When students have an episode in the classroom and become dysregulated, they need someplace to go — at least, that's how staff at Sunset Elementary are approaching such situations now.
In an effort to become a more trauma-responsive school, this year Newton's Sunset Elementary has implemented a "Peace Place" for students to visit when they are experiencing difficult, dysregulating episodes. According to Peace Place facilitator Becky Kindy, the goal of the space is to help build positive relationships while also facilitating an opportunity for students to regulate their brains after such episodes.
"You're emphasizing the relationship you have with the students and building relationships with the students," Kindy said of the trauma-responsive approach. "Peace Place fits in there because kids are coming and there's a consistent adult in Peace Place, so it works for the building of relationships. Also, the brain — when it's experienced trauma — develops in a different way than a normal, untraumatized brain and some of those are sensory kinds of needs ... so our whole goal is to help students stay regulated so that they can learn."
Some of those sensory items available in the Peace Place classroom to help with regulation include rocking chairs, coloring supplies, Legos, kinetic sand, a trampoline and more.
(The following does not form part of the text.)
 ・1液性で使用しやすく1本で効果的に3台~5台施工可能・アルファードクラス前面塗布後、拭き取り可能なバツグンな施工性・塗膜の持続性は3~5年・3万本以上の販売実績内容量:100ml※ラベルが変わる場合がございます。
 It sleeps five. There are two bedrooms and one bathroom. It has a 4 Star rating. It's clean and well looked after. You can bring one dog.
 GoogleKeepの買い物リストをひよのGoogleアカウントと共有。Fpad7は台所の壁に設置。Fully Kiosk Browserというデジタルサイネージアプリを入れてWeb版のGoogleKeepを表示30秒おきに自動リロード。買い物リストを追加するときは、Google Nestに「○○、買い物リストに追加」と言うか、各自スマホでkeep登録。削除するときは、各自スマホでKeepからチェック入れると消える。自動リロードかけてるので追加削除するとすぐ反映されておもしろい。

The classroom can be utilized by students who are referred, who have scheduled breaks through Student of Concern plans (in order to prevent negative behaviors) and it is also open before school and during lunch for those students who find the cafeteria dysregulating.
For those students who are referred, Peace Place is a new alternative to office referrals (down 15 percent this year) intended to eliminate the stigma attached to a dysregulating episode. While Kindy noted that's not to say there aren't any consequences for students referred to Peace Place (i.e. for crawling under their desk during class), the simple option of having somewhere else to go has provided beneficial to students and staff.
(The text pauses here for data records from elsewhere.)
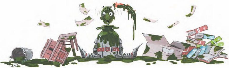 Ящик полетел в одну сторону, табуретка в другую, а ведро с зелёнкой – прямо на сэра Бидона! Кашляя и отплёвываясь, он на ощупь выбрался из кладовки…
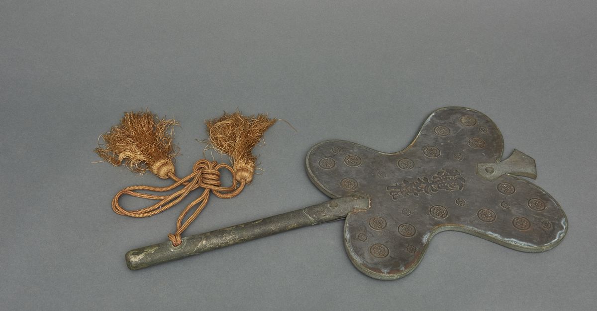 A metal butterfly-shaped battle-fan (gunbai), both sides inscribed: “Man daibosatsu” (abbreviation of Hachiman daibosatsu, the bodhisattva of War) and decorated with two types of Japanese quince crests (mokkō mon) and a brown tassel.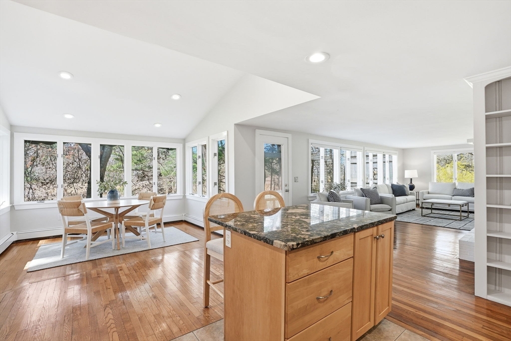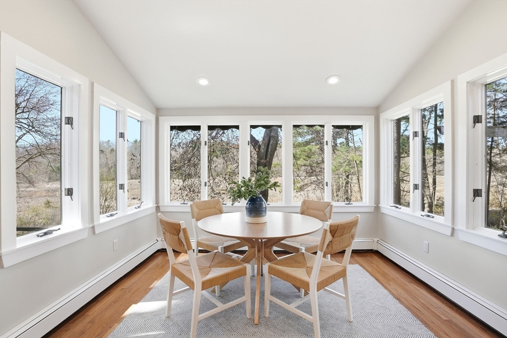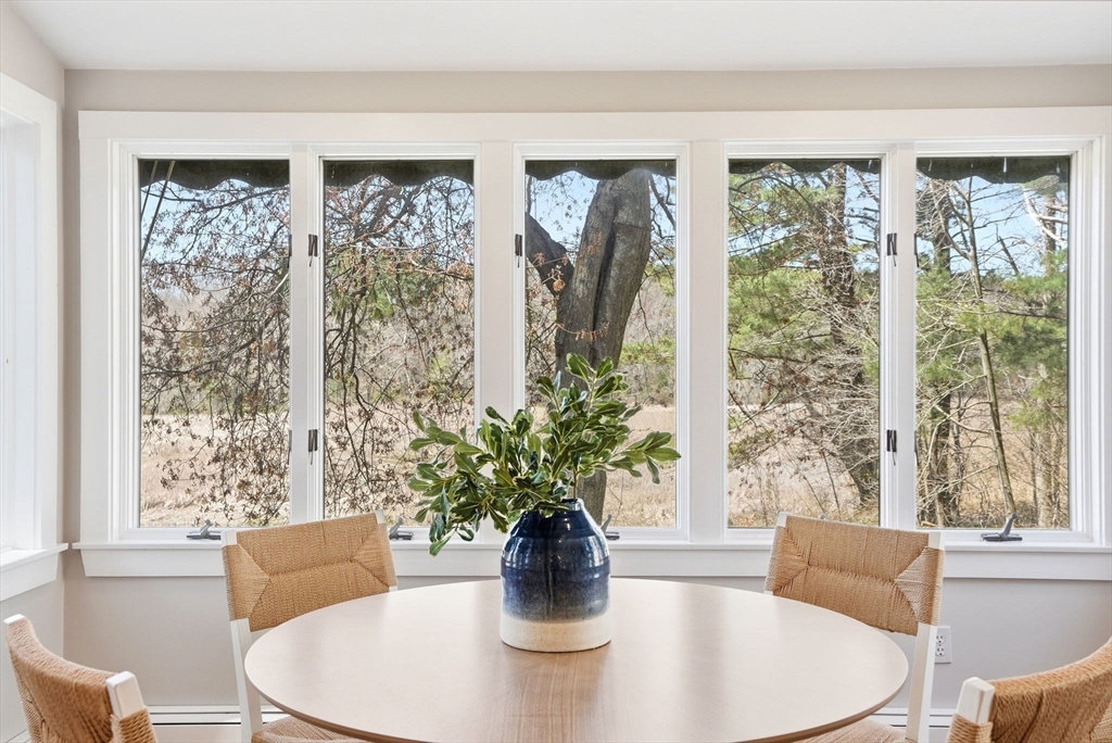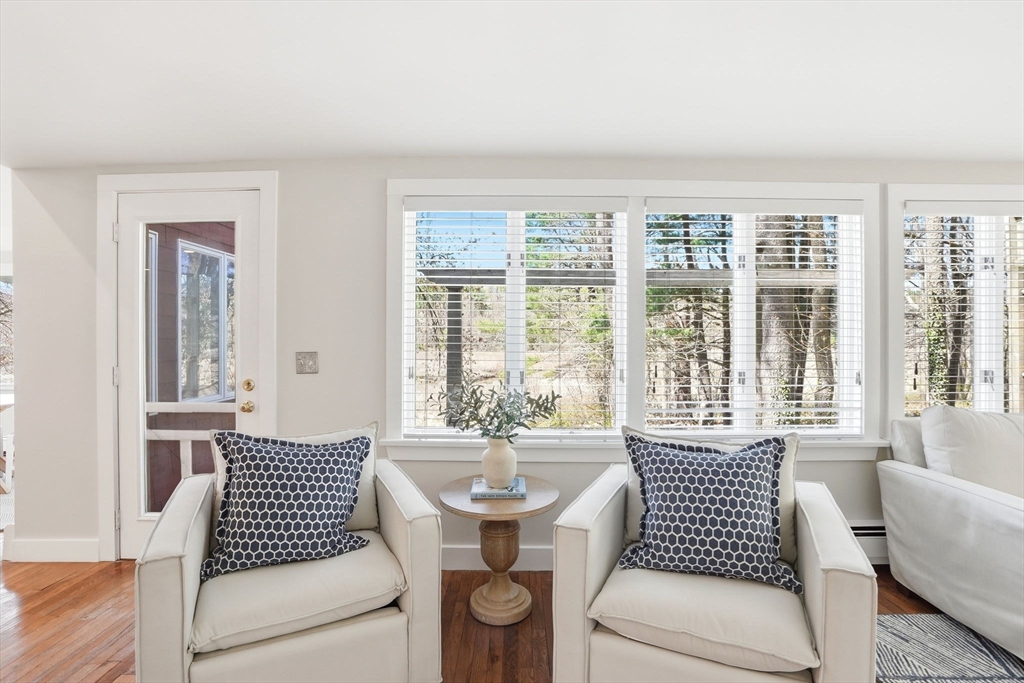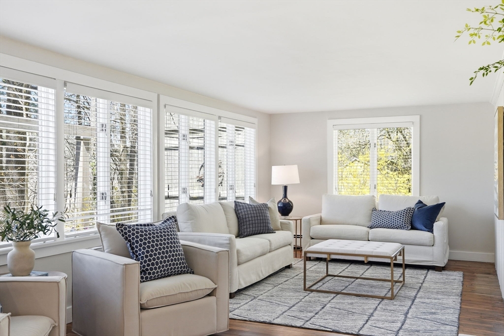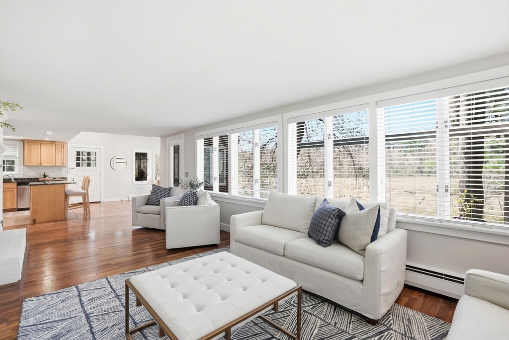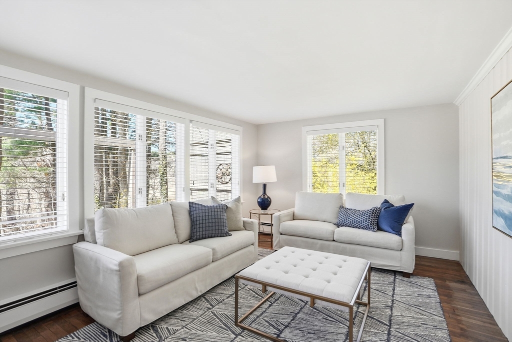 Wake up to river views and end your days with sunsets over the salt marsh. Set on two serene acres overlooking an estuary of the historic North River, this property offers privacy, natural beauty, and effortless indoor-outdoor living. Surrounded by tall trees, lush lawn, and ivy ground cover, the home feels like a retreat. Inside, a bright open floor plan connects kitchen, dining, and living areas, with walls of glass framing the landscape. Step onto the private deck to take in the views. This ranch offers 3 bedrooms, 2 baths, hardwood floors, a fireplace, and gas heat. Detached 2-car garage with storage below. A peaceful yet convenient location.

"We thought it was important to have a calm room, or to have a Peace Place, in order to keep students regulated so that they can learn and also to respond to behaviors in a different way instead of just a consequence-based way. We're kind of trying to respond to it from a brain-based sort of approach," Kindy said. "Students don't necessarily feel like they're in trouble coming to Peace Place for being dysregulated, which helps to minimize major classroom disruptions."
That also benefits students by allowing more time for teachers to focus on on-task instruction, while Kindy said already this school year the existence of Peace Place has helped lead to fewer trips to the school nurse/social worker for behavioral difficulties, lessened stress on teachers and helped boost morale among staff.
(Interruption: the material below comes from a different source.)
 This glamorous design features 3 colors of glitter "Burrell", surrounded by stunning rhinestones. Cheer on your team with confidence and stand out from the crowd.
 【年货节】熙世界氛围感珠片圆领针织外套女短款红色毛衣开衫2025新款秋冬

In total, 69 students have made 1,459 visits to Peace Place so far this school year — with 62 percent of those visits being scheduled breaks.
Additionally, the mission of Peace Place is being implemented in the individual classrooms to help with the trauma-responsive approach — from morning mindfulness lessons to learn about the brain to the "Calm Corner" implemented in each classroom for regulatory exercises, acting as an intermediary step before students are referred to Peace Place.
"Peace Place has been a positive asset to Sunset and our school's culture. It is an integral part of our work to be a trauma-responsive school," Kindy said. "We are excited to see the impact Peace Place makes on our school's culture in the future."